Closed Xaia closed 2 years ago

Xaia commented 2 years ago

Describe the bug Not sure what is happening here. I am exporting pretty dense mesh for Omniverse and version with Catmull-Clark on is nearly 3 times smaller than Polygonal Mesh. Any ideas?

Steps to reproduce Steps to reproduce the behavior:

  1. Grab dense mesh from zbrush
  2. Export with and without catmull-clark subdivsion method

Expected behavior I would expect the file size to be similar

Attachments image

Specs (if applicable):

swillisart commented 2 years ago

Hey! So It is not possible to get them to the same size because of what polygonal data each of those options will translate into the file.

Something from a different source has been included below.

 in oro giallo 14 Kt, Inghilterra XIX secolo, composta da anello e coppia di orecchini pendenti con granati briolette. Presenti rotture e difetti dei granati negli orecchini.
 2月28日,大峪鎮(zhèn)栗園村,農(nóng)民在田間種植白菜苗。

Enabling Catmull-Clark will always result in a smaller USD file. What happens and why is the exporter does not encode each meshes vertex-normals. In the workflow the mesh would be intended for subdivision (smoothed) so normals are not needed because using subdivision will calculate new averaged normals on-the-fly in the render.

In game engines with the constraints of polygonal limits meshes with encoded vertex-normals are ideal as it would be expensive to calculate them over and over for each mesh on load. So naturally they are written (Cached) into the file.

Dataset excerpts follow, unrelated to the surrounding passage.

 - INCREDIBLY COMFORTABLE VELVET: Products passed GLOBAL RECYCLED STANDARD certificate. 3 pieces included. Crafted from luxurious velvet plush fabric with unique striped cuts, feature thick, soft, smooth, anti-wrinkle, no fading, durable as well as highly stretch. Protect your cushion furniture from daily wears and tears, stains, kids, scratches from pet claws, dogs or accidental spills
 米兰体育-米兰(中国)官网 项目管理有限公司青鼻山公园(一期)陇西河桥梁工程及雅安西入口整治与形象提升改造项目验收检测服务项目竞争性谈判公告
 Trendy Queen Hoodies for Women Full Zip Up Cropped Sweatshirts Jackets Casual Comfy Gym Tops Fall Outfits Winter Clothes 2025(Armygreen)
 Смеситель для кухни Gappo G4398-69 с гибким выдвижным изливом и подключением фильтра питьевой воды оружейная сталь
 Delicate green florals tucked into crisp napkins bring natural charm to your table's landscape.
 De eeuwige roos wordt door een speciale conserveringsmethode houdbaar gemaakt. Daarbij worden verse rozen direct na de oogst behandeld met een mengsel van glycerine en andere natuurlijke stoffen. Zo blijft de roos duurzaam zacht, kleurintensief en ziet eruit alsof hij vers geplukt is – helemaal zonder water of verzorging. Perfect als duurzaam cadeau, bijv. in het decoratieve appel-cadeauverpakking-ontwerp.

In offline raytracing renders they have more resources to work with and in that workflow the mesh would be designed to be subdivided and smoothed. They have either creases to control edge hardness / softness, fine displacement or simply are modeled so that the subdivisions are dynamically creating the desired result.

TDLR: Polygon surfaces intentionally contain more data for realtime engines and thus larger files.

Xaia commented 2 years ago

Hey! So It is not possible to get them to the same size because of what polygonal data each of those options will translate into the file.

Enabling Catmull-Clark will always result in a smaller USD file. What happens and why is the exporter does not encode each meshes vertex-normals. In the workflow the mesh would be intended for subdivision (smoothed) so normals are not needed because using subdivision will calculate new averaged normals on-the-fly in the render.

In game engines with the constraints of polygonal limits meshes with encoded vertex-normals are ideal as it would be expensive to calculate them over and over for each mesh on load. So naturally they are written (Cached) into the file.

In offline raytracing renders they have more resources to work with and in that workflow the mesh would be designed to be subdivided and smoothed. They have either creases to control edge hardness / softness, fine displacement or simply are modeled so that the subdivisions are dynamically creating the desired result.

TDLR: Polygon surfaces intentionally contain more data for realtime engines and thus larger files.

That explains everything. Thanks. Closing the issue.